The software I use is not in any programs available to the public. I have written the software on a Macintosh and is experimental. I am currently working on a new version that makes use of an image intensifier tube to get down to the photon counting regime. The current set of CMOS cameras have much lower readout noise than past CCD cameras, but their readout noise is not low enough for photon counting. What I would like to do is use short enough exposures to freeze the turbulence. Whether this will work with low radiance DSOs is an open question. I have made a number of algorithmic improvements, but whether it's enough I don't really know. Yes, larger telescopes would boost the SNR and would make short exposures more feasible, however with larger telescopes getting lucky with nearly diffraction limited images becomes more difficult. So there is a trade-off here which will depend on how good the seeing is at the observing site.
Bob
Nice paper, very interesting work. It would be nice to see these techniques implemented in current popular software.
Do you have imaging results that compare your lucky imaging technique with long exposures under similar conditions? It would be nice to see a side by side comparison of results.
I use a similar technique for a different reason: I leveraged my 12” observational Alt/Az Dob Goto Dob, so I also use very short exposures of 6-8 seconds in dim objects, 2-4 seconds in the brighter objects typically. For me it’s mainly due to tracking jitters, drift, and sometimes field rotation, but I also see the atmospheric seeing benefits at the shorter exposures, especially on globular clusters, bright galaxies, and planetary nebulae. I would love to have longer “virtual subs” generated to keep the data at manageable levels, that would be a huge enabler for me.
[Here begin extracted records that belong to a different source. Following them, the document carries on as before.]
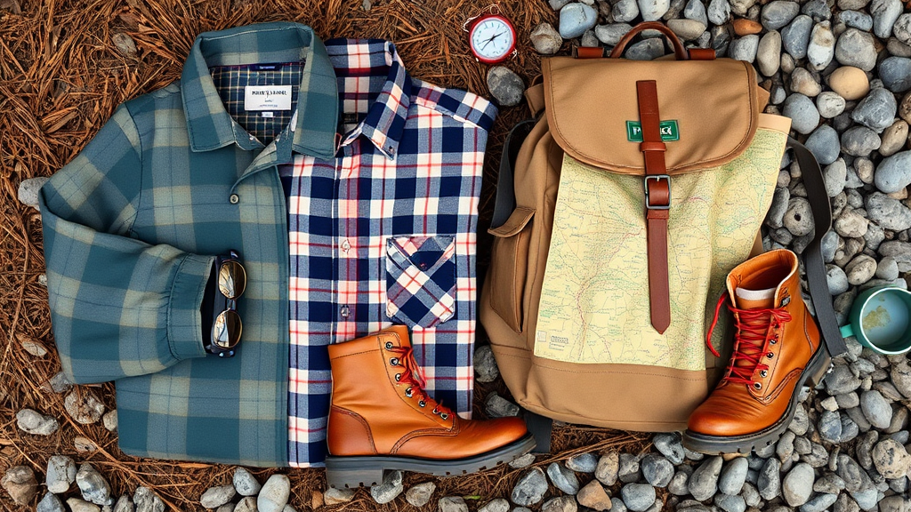 A meticulously arranged display of 1960s style camping wear, showcasing neatly organized vintage outdoor attire and accessories displayed in a photorealistic setting; a retro-patterned windbreaker folded precisely next to a classic plaid flannel, rugged leather hiking boots with red laces aligned perfectly alongside a weathered canvas backpack, iconic round sunglasses and a worn map placed with precision, a vintage compass and enamel camping mug completing the timeless adventure scene against a backdrop of pine needles and pebbles.
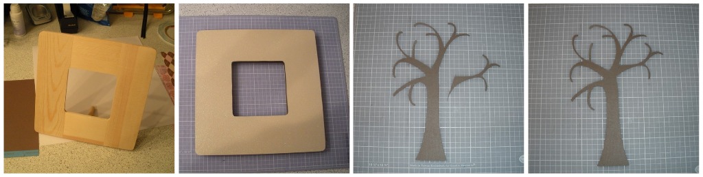 Left to Right: Plain frame, Frame with glitter cardstock attached, tree with trimmed branch, final tree
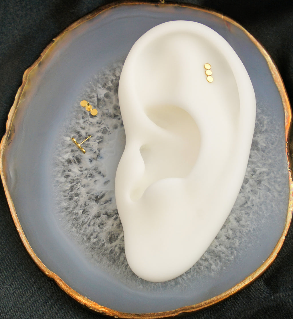 This golden threadless top piece has a stacked, triple sphere design that has a smooth, flat surface. Pin size is 25G so it fits most threadless tops. The top size is 6mm x 2mm. It is made from gold pvd on ASTM F-136 titanium. Effortless to insert and take out. Sold Individually - top only.
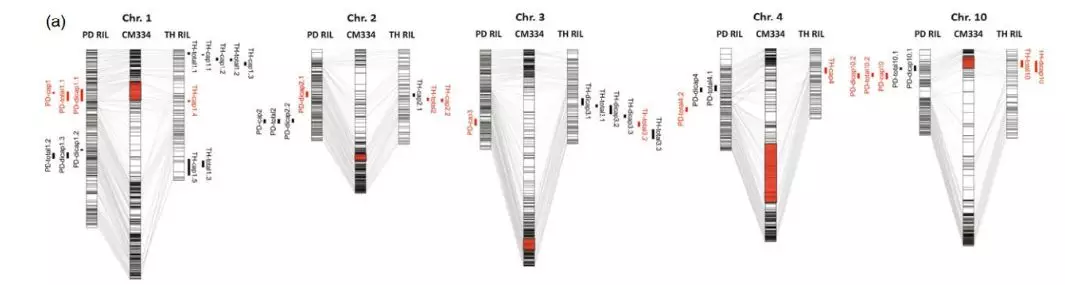 QTL定位結(jié)果:利用120個PD單株構(gòu)建的重測序遺傳圖譜和3個環(huán)境下的56個單株表型數(shù)據(jù)定位到22個QTL位點(diǎn)。其中LOD值最高的是PD-dicap1.1 (LOD=8.7),表型變異率(R2)最高的是PD-dicap10.2 (28.8%)。同樣地,85個TH單株構(gòu)建的簡化圖譜和2個環(huán)境的表型數(shù)據(jù)定位到22個QTL位點(diǎn)。其中LOD值(LOD=9.9)和R2(18.8%)最高的都是TH-cap2.2。兩者分析時均用CM334作為參考基因組,因此可以對2個群體的QTL定位結(jié)果進(jìn)行比較,發(fā)現(xiàn)PD群體的9個QTL位點(diǎn)與TH群體的7個QTL位點(diǎn)的物理位置重疊。

I agree with the comments that it’s really only for a subset of targets and situations so, but if implemented in a way that makes it easy to do then why not get higher resolution on some of our targets? I would love that.
As I stare at your fine image of M13 it slowly seems to begin to rotate on me. Did anyone else notice a similar effect or am I simply down to my last marble?